I found a set of very reasonably priced winter tires on 5x100 Subaru wheels. I couldn't tell you the offset, all that I know is they're 5x100 and 15". Odds of these fitting my MK4 Golf?


----------



## JDriver1.8t (May 20, 2005)

*Re: Subaru wheels, will the fit? (Tony Lane)*

it depends on the hub bore. VW is 57.1mm


----------



## Tony Lane (Dec 1, 2007)

Thanks man! Subaru hub bore is 56.1mm across the board afaik. 

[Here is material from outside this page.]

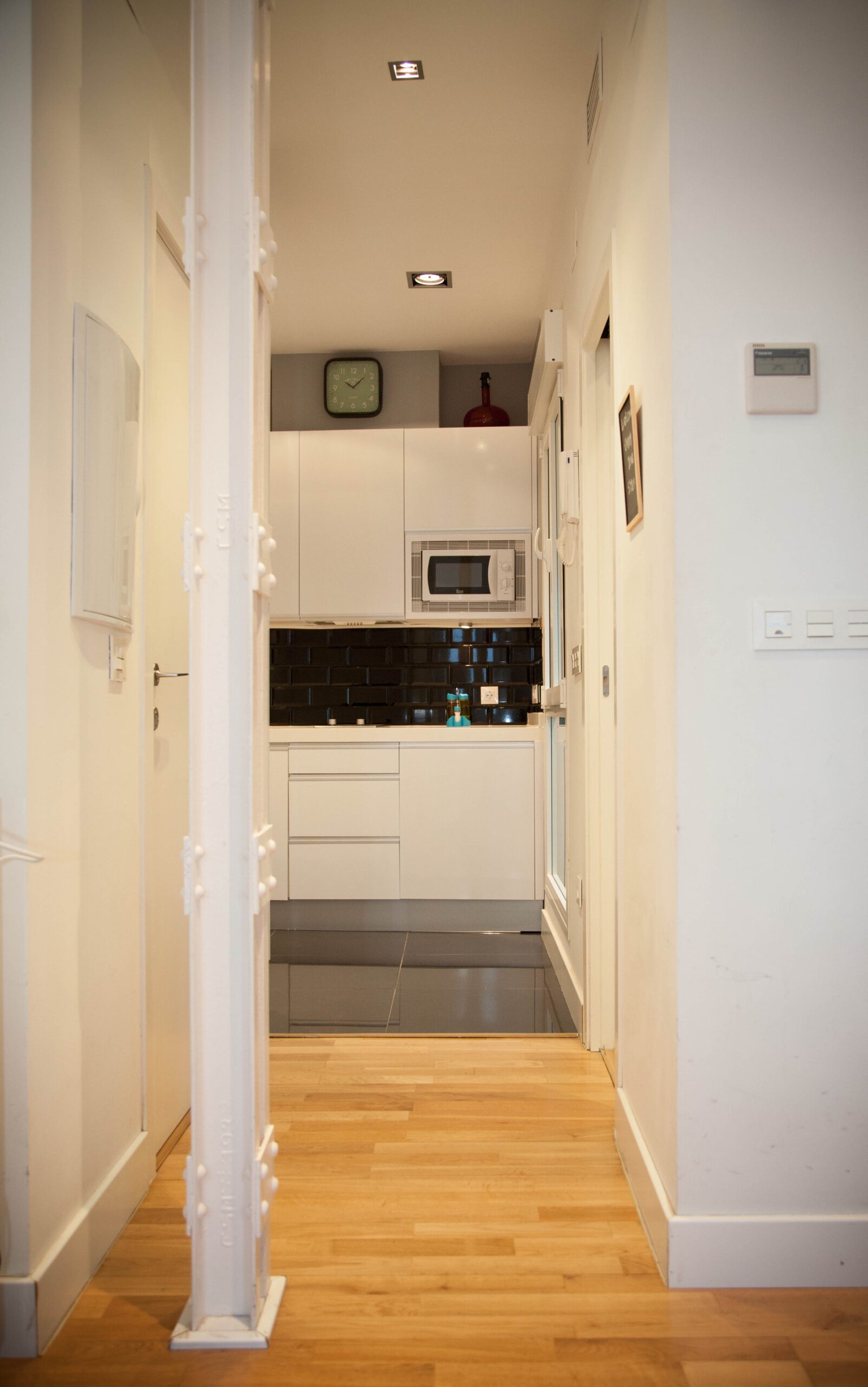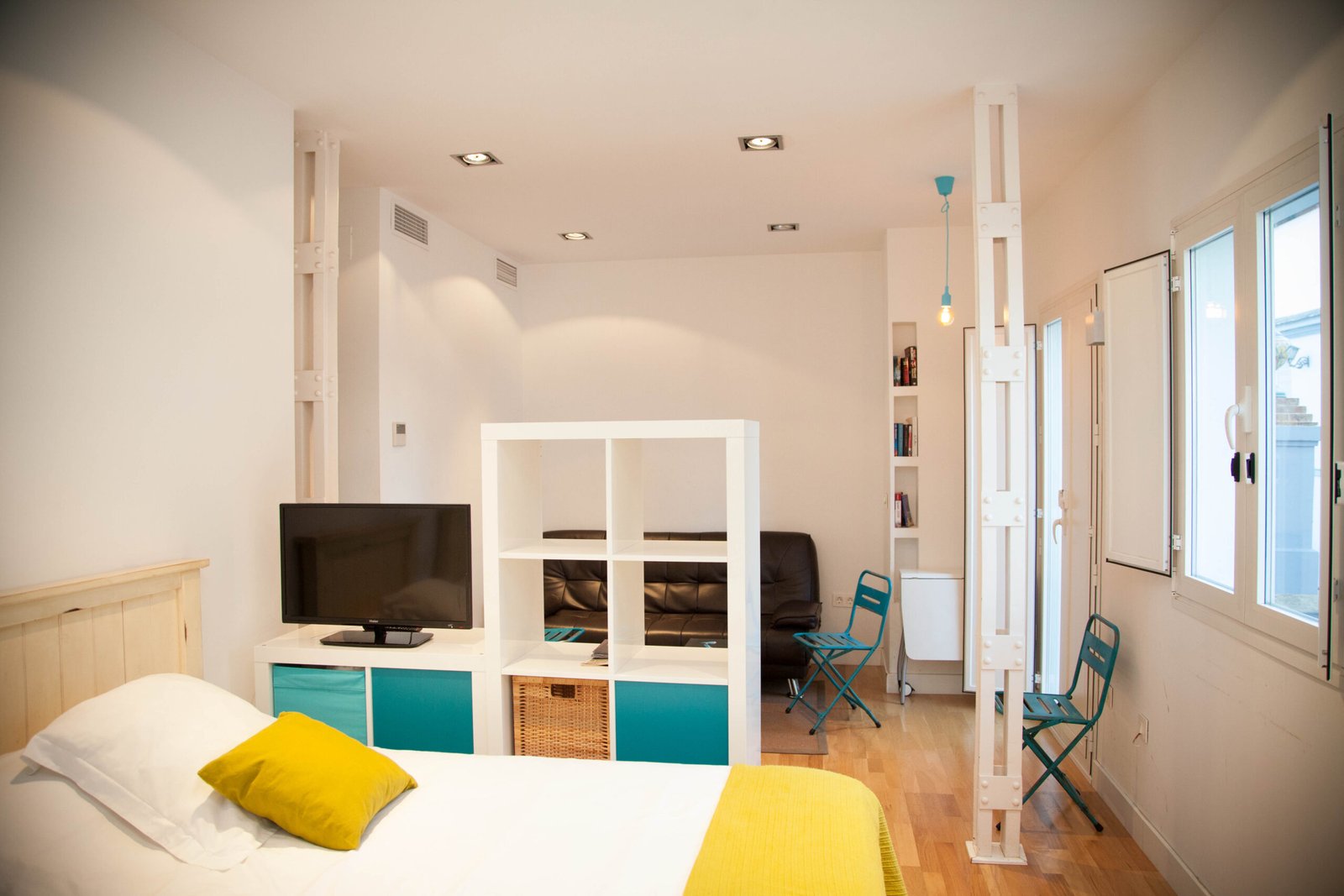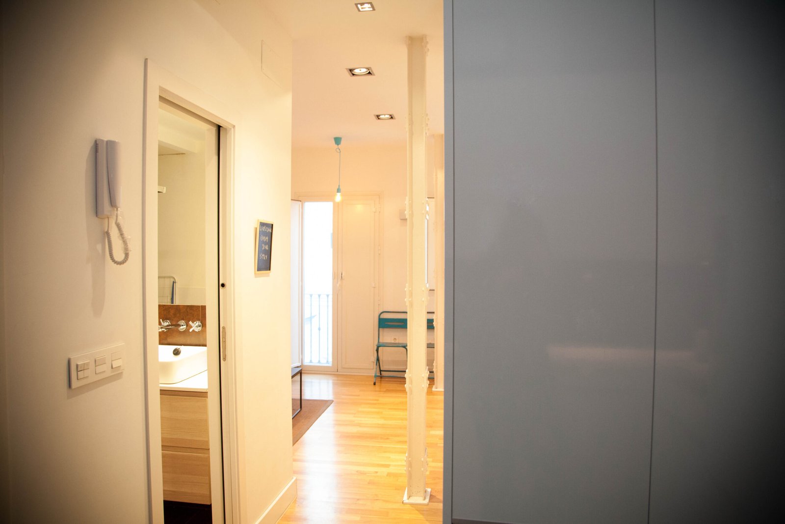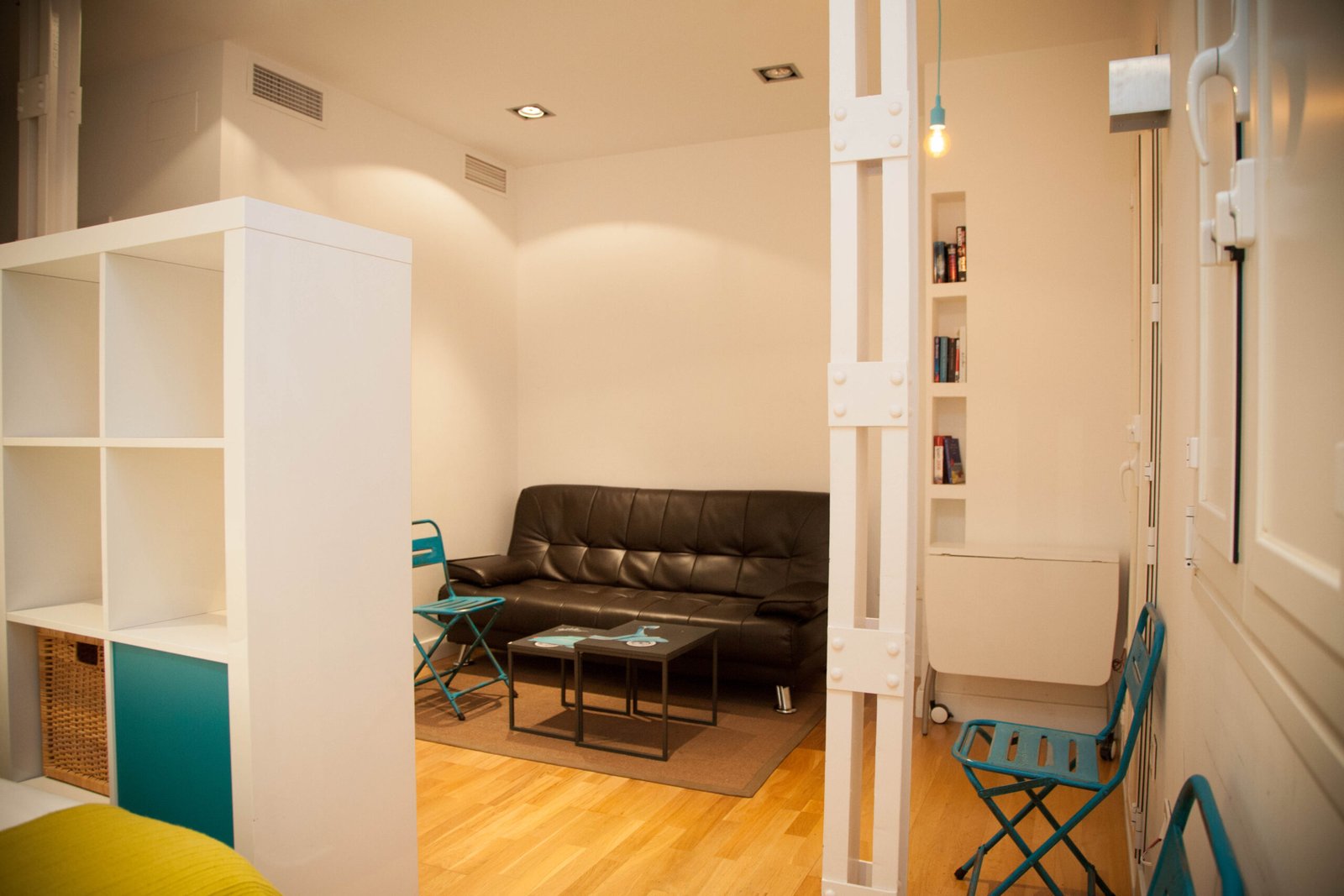 Un trabajo proyectado por el estudio de arquitectura Kriteria plantea tres apartamentos con uso destinado a fines turísticos, una renovación de todas las instalaciones y revestimientos, conservando elementos existentes de la arquitectura de la época entre los que destacan soportes metálicos estructurales con uniones roblonadas, la perfecta elección de materiales, mobiliario y elementos decorativos que se complementan con la luz natural que recibe el edificio crea un especio que aún siendo de dimensiones reducidas hace que todo el conjunto quede ordenado y lleno de color.

_Modified by Tony Lane at 3:21 PM 10-12-2009_


----------



## dennisgli (May 17, 2003)

*Re: Subaru wheels, will the fit? (Tony Lane)*

What size bolts do they take?


----------



## Tony Lane (Dec 1, 2007)

5x100


----------



## JettaGT8V80 (Jun 12, 2003)

*Re: (Tony Lane)*

most jdm cars use a 12mm bolt not the 14mm that vw has switched over to 
the hub bore is smaller if they are in fact oem subie wheels you will need to have the hub made bigger to fit them


----------



## dennisgli (May 17, 2003)

*Re: Subaru wheels, will the fit? (Tony Lane)*


_Quote, originally posted by *Tony Lane* »_5x100

That's the bolt pattern not the bolt size.


----------



## Tony Lane (Dec 1, 2007)

*Re: Subaru wheels, will the fit? (dennisgli)*

My bad, I have no idea what the bolt size is.


----------